Scott Anthony Barlow 21:47
I think that's a great example of what actually makes it feel relevant. If we're in a, any kind of setting, not just an interview setting, but even if you and I were meeting over coffee or something like that, and we're talking about the potential of you coming on board to this team, or this company, or whatever, yeah, speaking of coffee, let's both grab a coffee.

James Sannan 22:09
We are meeting over coffee.

Scott Anthony Barlow 22:10
We are meeting over coffee. Yes. And, you know, I think that what you're talking about is how do you translate it into what's relevant for them. And when you put it in the context of their problems or challenges, what they're trying to accomplish, what they're trying to achieve, which I heard you say earlier, really, what you're doing functionally is you're now making yourself relevant to their world, which is really any kind of marketing or sales or whatever, at its very, very core. So one really nice job doing that. Because when you and I chatted a year ago, it's been about a year, right? We just figured that out, you and I chatting. And I would say, please correct me if I'm wrong, I would say, you felt a lot less confident about being able to do that sort of thing in that type of environment compared to what I'm hearing, you just roll off the back of your tongue now.

James Sannan 23:13
Yeah. I look back to when I first met with you guys. And by the way, during that time, I think I had interviewed at Amazon twice. And I look back at those first interviews, and I look back at the interview where I actually made it through. I look at where I've come. I was an entirely different person by that time, not literally, but I had learned so much during that time, about the company, about what they were trying to achieve. And that's honestly what got me through. It was that journey between that first interview and that final interview, where I just really spent a lot of time invested and trying to learn about the company because I knew that's what I wanted. And in the end, I think it carried through and the team who was interviewing me saw the same thing.

Scott Anthony Barlow 24:05
What surprised you the most as you went through this career change journey? What was different than how you thought it would be?

James Sannan 24:22
I think the people who helped me out, the people who actually reached out and gave me the mock interviews, how they would take me on as almost like a... they didn't have to take me on. I had this guy from Microsoft who worked at Amazon who I had worked with briefly for maybe, you know, just a few hours, I reached out to him on LinkedIn. And he connected with me and he spent hours doing mock interviews with me. He helped me with salary negotiations, told me I should be more aggressive with my salary negotiations. And I mean, this guy really, really had my back and I just... I think that's what surprised me the most is how much people in your network, even people who haven't really worked with you that much, can really have your back and support you and be on your team. And in some ways, I feel like forever in their debt, like, I feel like how can I ever pay these people for how much they've helped me. But I think just the goodness in people. And I think in the end, too, kind of I had this original perception of this big, monstrous company, Amazon, just projecting everyone who applies to them. And in the end, I realized that, you know, they're just like you and me, they're just trying to do their jobs. They have a lot of people applying and they're just trying to make heads or tails of who's the best fit for the team. And it's definitely not personal. And honestly, if you're that passionate about it, they probably want you to be on the team.

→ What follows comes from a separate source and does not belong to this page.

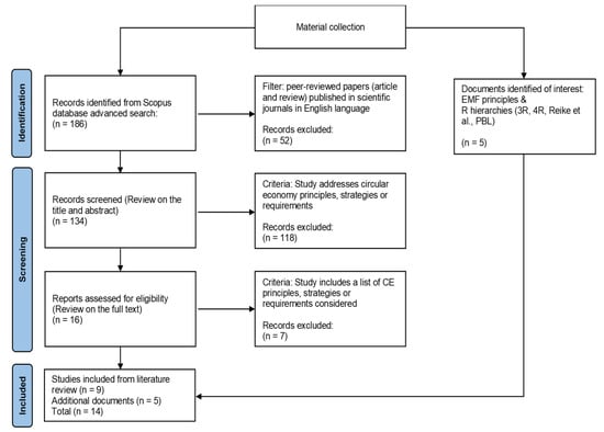 Additionally, several scientific articles included CE principles in categorizing and evaluating existing metrics at product level. To identify these, a systematic review was conducted where the Scopus database was used for material collection. An advanced search was carried out with the keywords “circular economy” and “principle, strategy or requirement” using Boolean operators (Search string: ABS (“circular economy”) AND ABS (principle OR strategy OR requirement) AND ABS (micro OR product) AND ABS (indicator OR index OR metric) AND LANGUAGE (English)) AND PUBYEAR > 2009 AND (LIMIT-TO (DOCTYPE, “ar”) OR LIMIT-TO (DOCTYPE, “re”) on 1 April 2022). Filters were applied to the Scopus database on document type and language to filter peer-reviewed papers (article and review) published in scientific journals in English. This search resulted in 134 papers. The search was followed by a screening process, performed by reading the title and abstract of every document against the inclusion criteria, which were that study addresses circular economy principles, strategies or requirements. After this filter, 16 articles were pre-selected based on relevance. The next step was going through the full text of these pre-selected papers to identify the ones that had a specific listing of the set of CE principles that they considered. This resulted in 9 articles, which were included in this review [26,27,28,29,30,31,32,33,34]. The literature review process is summarized in Figure 1.

Scott Anthony Barlow 25:52
Yeah, absolutely. I think that's such great insight. When you think about the goodness in people, is what I think I heard you call it just a minute ago, that's something that has perpetually surprised me over and over and over and over again, I think that people are... if given the opportunity, so willing to be kind and helpful and good. And that's one of the most fun things for me to see over and over and over again, especially in the work that we do here is just that there's so many wonderful people out there, and they don't always have opportunities and outlets, and in many different ways, I would be willing to bet, I don't know, you might go back and ask this person that helped you out. But I'd be willing to bet he was getting something out of that too. I bet it was good for him at the same time, and not in a transactional way. But I bet he legitimately enjoyed being able to help you and coming from a place of help. I bet it wasn't just like, "Oh, I gotta go meet with this James guy. Help him get through the, you know, the..." I bet it wasn't like that at all, right?

James Sannan 27:07
You know, and I think you're right, Scott. And I'm sure you're like this, I'm also like this– where someone's gonna reach out to me, I'm always gonna respond to them. And then that might change as time goes on, because I'll just get too busy. But I always, I kind of want to help people out. I feel like I've been helped out and so I need to return the favor. And not only that, but it's kind of enjoyable, helping people out to make them happy and be part of that. I'm sure not everyone's like that. But you know, at least I feel that way. So I can relate.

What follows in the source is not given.